Basic Demand 101

July 2010

Daily we talk with utility customers about peak demand issues. "What is this 'Demand Charge' and how is it calculated?" "Why does the utility issue a demand charge?", and of course, "What can I do to eliminate it?"

Peak Demand is not a well understood concept and is often confused with other electrical issues. Simply defined, Peak Demand is the highest energy usage in any one demand interval during the billing period. Most utilities use a demand interval of 15 minutes, giving the customer about 3000 opportunities each month to set their peak demand. The ONE 15-minute period with the highest energy use will set the peak demand, and thus determine the demand charge for the entire billing period.

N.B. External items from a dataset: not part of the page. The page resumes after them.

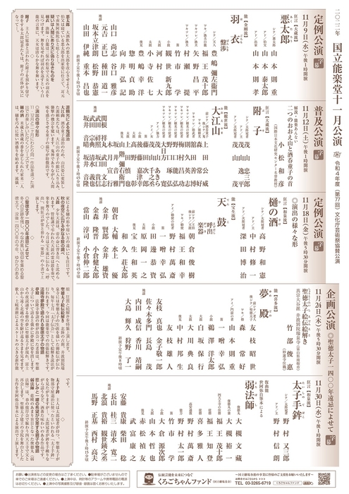国立能楽堂(東京都渋谷区千駄ヶ谷4-18-1)の11月主催公演が下記の通り上演されます。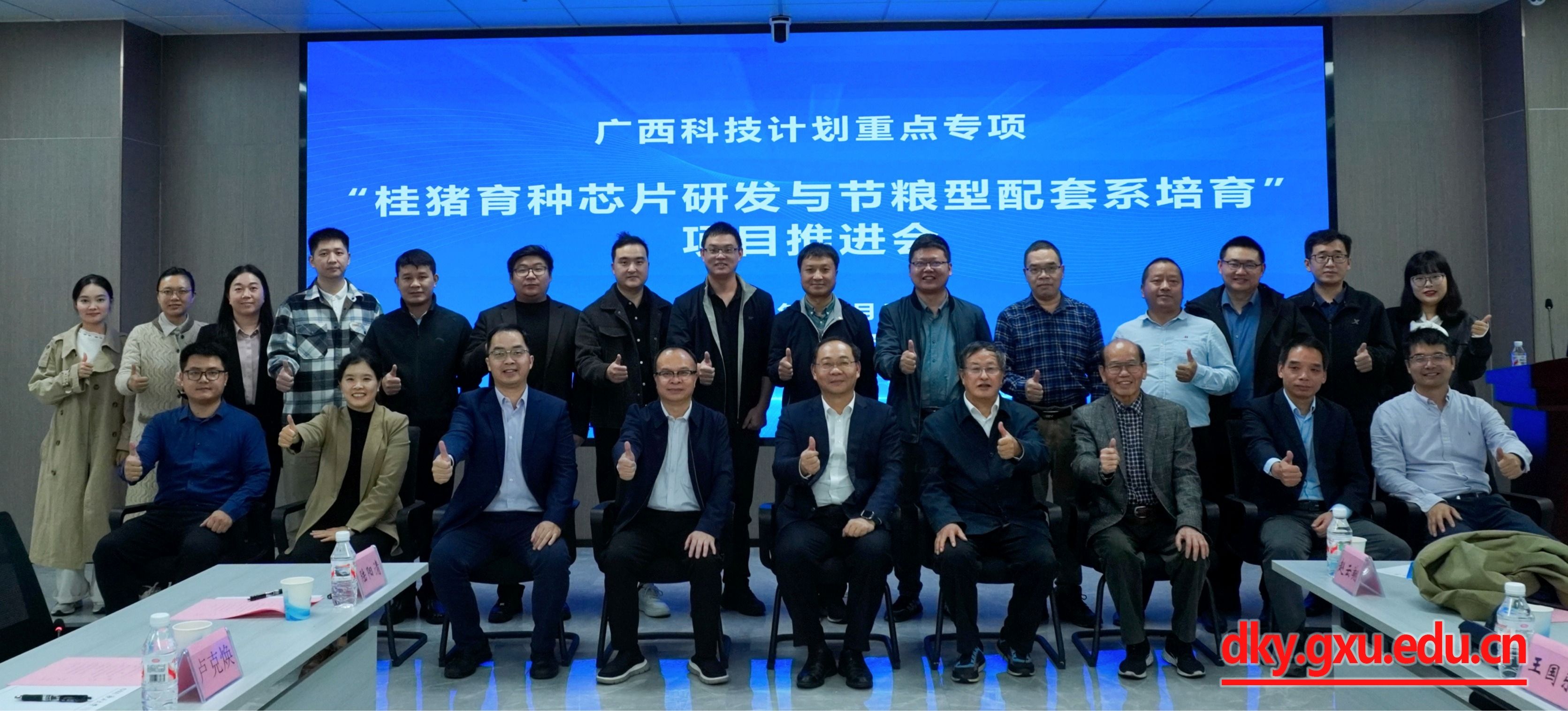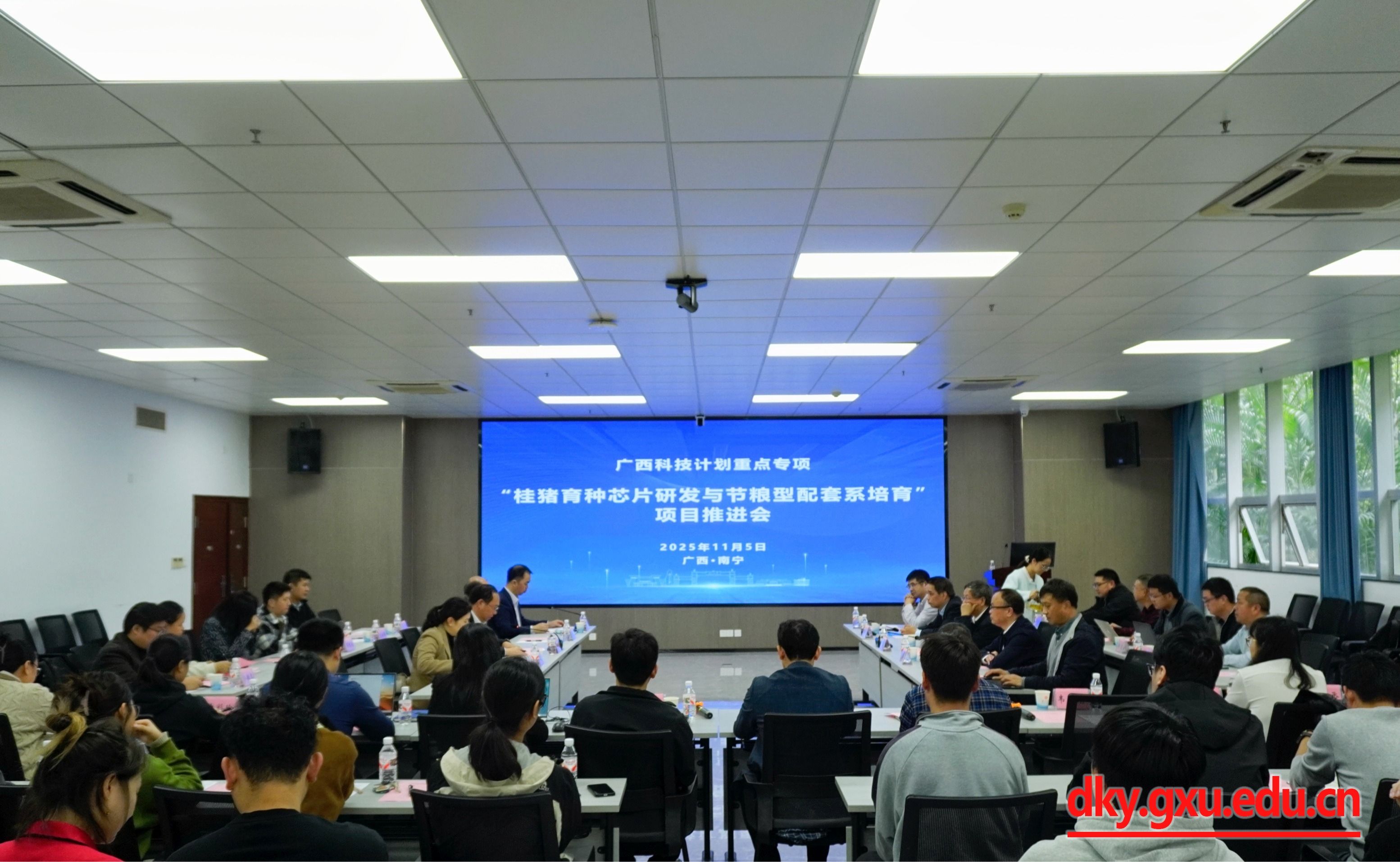 11月5日,公司召开广西科技计划重点专项“桂猪育种芯片研发与节粮型配套系培育”2025年项目推进会。中国工程院院士、中国科公司亚热带农业生态研究所研究员印遇龙,william威廉中文官网副董事长于文进,自治区农业农村厅科技处副处长王国乐出席会议并致辞。william威廉中文官网经理陆阳清主持开幕式。william威廉中文官网原副董事长卢克焕,自治区农业农村厅农垦处一级调研员卢玉发,william威廉中文官网科研院项目管理处副处长张敏,william威廉中文官网副经理何家康,william威廉中文官网教授、项目负责人赵云翔及来自8家项目参与单位的科研骨干人员参加会议。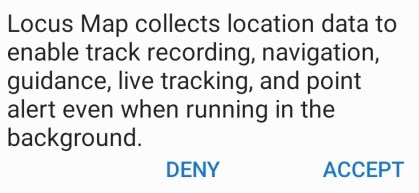 Long tap the Locus 3 icon, go for the (i), top right, look for Berechtigungen, go for location and set it to always. This way I have never seen such a request.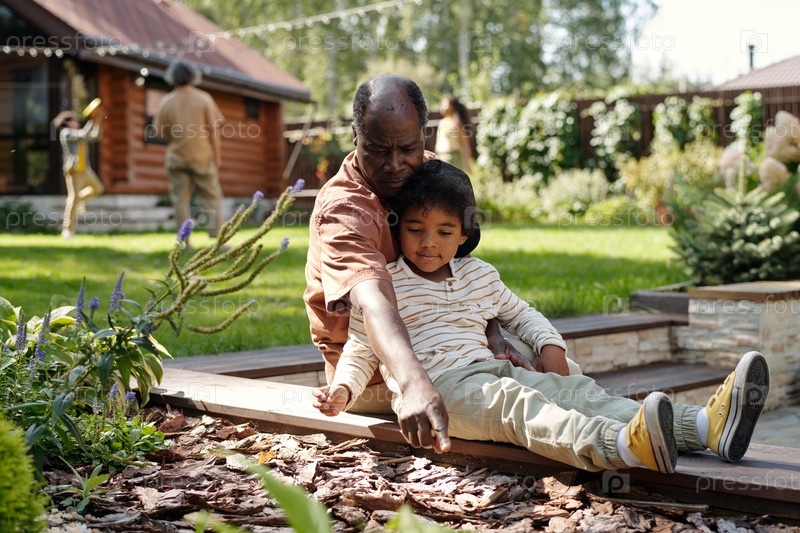 Проводить время с дедушкой в саду на заднем дворе

As you can see, the challenge for customers is to try to spread out their energy usage so there are no drastic "peaks" during just a few demand intervals. The idea is to avoid getting charged a rate that only reflects one high interval, instead of the rate that reflects the customer's consistent energy use.

By using an Energy Sentry demand management system, you can set a maximum peak that you would like to stay under, and the system will automatically control different nonessential electric loads to keep energy use under the specified limit. It is sort of like "cruise control" for energy use.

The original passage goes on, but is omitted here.